The last three days contain a disproportionate amount of 'last seen' values. Given that these are 6-10x the values from the previous days, it's unlikely that there was a massive spike in sales, and more likely that these values are to do with the crawling period ending and don't indicate car sales.

In [None]:
print(autos['created_ad'].str[:10].unique().shape)

In [None]:
(autos["created_ad"]
        .str[:10]
        .value_counts(normalize=True, dropna=False)
        .sort_index()
        )

In [None]:
(autos["created_ad"]
        .str[:10]
        .value_counts(normalize=True, dropna=False)
        .sort_values()
        )

There is a large variety of ad created dates. Most fall within 1-2 months of the listing date, but a few are quite old, with the oldest at around 9 months.

In [None]:
autos["registration_year"].describe()

The year that the car was first registered will likely indicate the age of the car. Looking at this column, we note some odd values. The minimum value is 1000, long before cars were invented and the maximum is 9999, many years into the future.

In [None]:
(~autos["registration_year"].between(1900,2016)).sum() / autos.shape[0]

Given that this is less than 4% of our data, we will remove these rows.

In [None]:

autos = autos[autos["registration_year"].between(1900,2016)]
autos["registration_year"].value_counts(normalize=True).head(10)

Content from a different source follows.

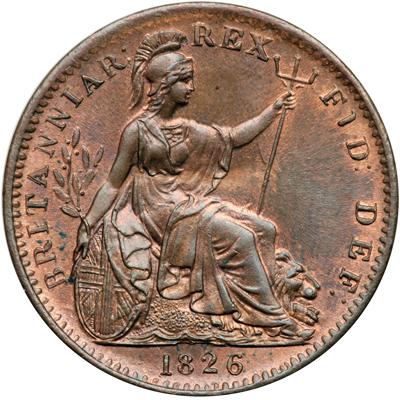 Great Britain. Farthing, 1826. S.3824; KM-677. George IV. First type. Draped laureate bust left. Reverse: Britannia right. A scarce date and type in tip top grade with lots of original color. Uncirculated.
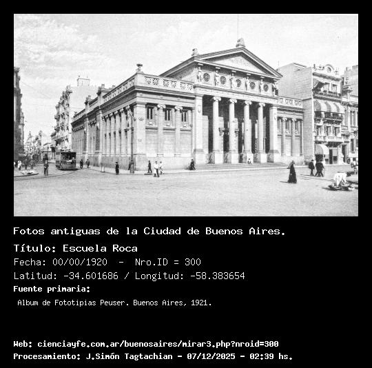 Escuela Roca - 00/00/1920 - [Id: 300] Fuente:Album de Fototipias Peuser. Buenos Aires, 1921. Palabras claves:Escuela Roca, Tribunales, Ilse |

It looks like most of the cars were registered in last 20 years

In [None]:
autos['brand'].describe()

In [None]:
autos["brand"].value_counts(normalize=True)

German manufacturers represent top five brands, almost 50% of the overall listings. Volkswagen is by far the most popular brand, with approximately double the cars for sale of the next two brands combined.

There are lots of brands that don't have a significant percentage of listings, so we will limit our analysis to brands representing more than 5% of total listings.

In [None]:
brand_counts = autos["brand"].value_counts(normalize=True)
most_common_brands = brand_counts[brand_counts > .05].index


In [None]:
brand_mean_prices = {}

for brand in most_common_brands:
    brand_only = autos[autos["brand"] == brand]
    mean_price = brand_only["price"].mean()
    brand_mean_prices[brand] = int(mean_price)

brand_mean_prices
    

Out of top 6 brand there is distnict price gap 
* Volkswagen,BMW,Mercedez benz and Audi is more expensive
* Opel and Ford is less expensive 
* Volkswagen is in between

In [None]:
bmp_series = pd.Series(brand_mean_prices)
pd.DataFrame(bmp_series ,columns = ["mean_price"])

In [None]:
brand_mean_mileage = {}

for brand in most_common_brands:
    brand_only = autos[autos["brand"] == brand]
    mean_mileage = brand_only["odometer_km"].mean()
    brand_mean_mileage[brand] = int(mean_mileage)

mean_mileage = pd.Series(brand_mean_mileage).sort_values(ascending=False)
mean_prices = pd.Series(brand_mean_prices).sort_values(ascending=False)

In [None]:
brand_detail = pd.DataFrame(mean_mileage,columns =['mean_mileage'])
brand_detail

In [None]:
brand_detail["mean_price"] = mean_prices
brand_detail

The range of car mileages does not vary as much as the prices do by brand, instead all falling within 10% for the top brands. There is a slight trend to the more expensive vehicles having higher mileage, with the less expensive vehicles having lower mileage.